The Vindicator
- Type: Bi-weekly newspaper Weekly newspaper
- Founded: May 1839
- Ceased publication: 1852
- Headquarters: Belfast

= The Vindicator (Ulster newspaper) =

Catholic paper in Belfast (1839–1852)

The Vindicator was an Ulster Catholic newspaper published from 1839 to 1852 in Belfast. From 1847 it was also known as the Weekly Vindicator.

==History==
The newspaper was founded in May 1839 by a group of Roman Catholics in Belfast, including Charles Gavan Duffy and Rev. Dr. George Crolly. The paper was published twice weekly on Wednesdays and Saturdays. It was originally based at 10 Ann Street, and later in 20 Rosemary Street, both in Belfast.

The newspaper supported Daniel O'Connell's repeal movement, and he was asked to nominate an editor. O'Connell proposed T.M. Hughes, but when he declined, Duffy was appointed to the role. In 1842 Duffy was prosecuted for libel, and left the paper to launch The Nation in Dublin. He was succeeded as editor by Kevin T. Buggy (1817–1843), who died in August 1843 and was in turn succeeded by C.D. Fitzgerald, who edited the paper until 1846.

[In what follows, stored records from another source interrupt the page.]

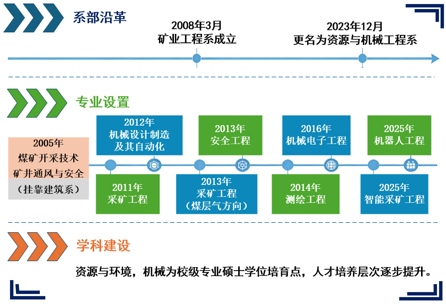 系部成立以来,资源与机械工程系从最初两个专科专业起步,历经十八年建设,现已发展为八个“智能+”融合型本科专业,涵盖采矿工程、采矿工程(煤层气方向)、智能采矿工程、机械设计制造及其自动化、机械电子工程、机器人工程、安全工程、测绘工程。采矿工程入选省级一流本科专业建设点,采矿工程(煤层气方向)获批省级优势特色专业,机械设计制造及其自动化纳入西安交通大学拔尖人才联合培养计划。资源与环境、机械两大学科列为校级硕士专业学位培育点。截至目前,系部累计开设教学班254个,培养毕业生6859人,现有在校生2229人。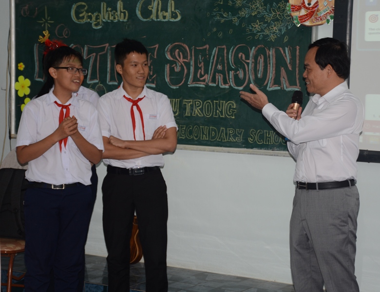 Bí thư Tỉnh uỷ Trần Lưu Quang trò chuyện bằng tiếng Anh với học sinh Trường THCS Lý Tự Trọng.
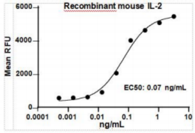 Recombinant mouse IL-2 stimulates cell proliferation of the CTLL-2 mouse cytotoxic T cells.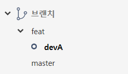 마스터 브랜치 기준으로 feat/devB , feat/devA 를 만들었다.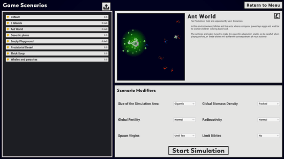 Explore real digital life in The Bibites! Play god as you guide your bibites on their evolutionary journey. Analyze their Neural Network brains and genetic information as they adapt to their environments. Save your favorites and test their strength in Challenge Mode!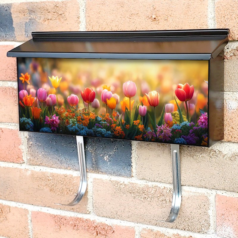 Applying your Springtime Colorful Tulips townhouse / ranch mailbox cover it’s pretty easy to convert your mailbox to a special and unique item. These covers require a flat surface, so they work with townhouse / ranch mailboxes that do not have any embossed decoration or signs. Magnetic mailbox covers work with steel boxes, for aluminum and plastic boxes we offer the self-adhesive vinyl covers. In case your mailbox doesn’t work with these covers, you can purchase the preinstalled cover on a brand new mailbox as well. Also, you can create your custom townhouse / ranch mailbox cover using you own pictures, adding your name, street number, etc.

The paper ceased bi-weekly publication in September 1848. It later moved to a weekly release schedule, and was sometimes called The Weekly Vindicator in that period. However, it ceased publication later in 1952.

Contributors to The Vindicator included James Clarence Mangan, Thomas Murray Hughes, and in later years Thomas MacNevin.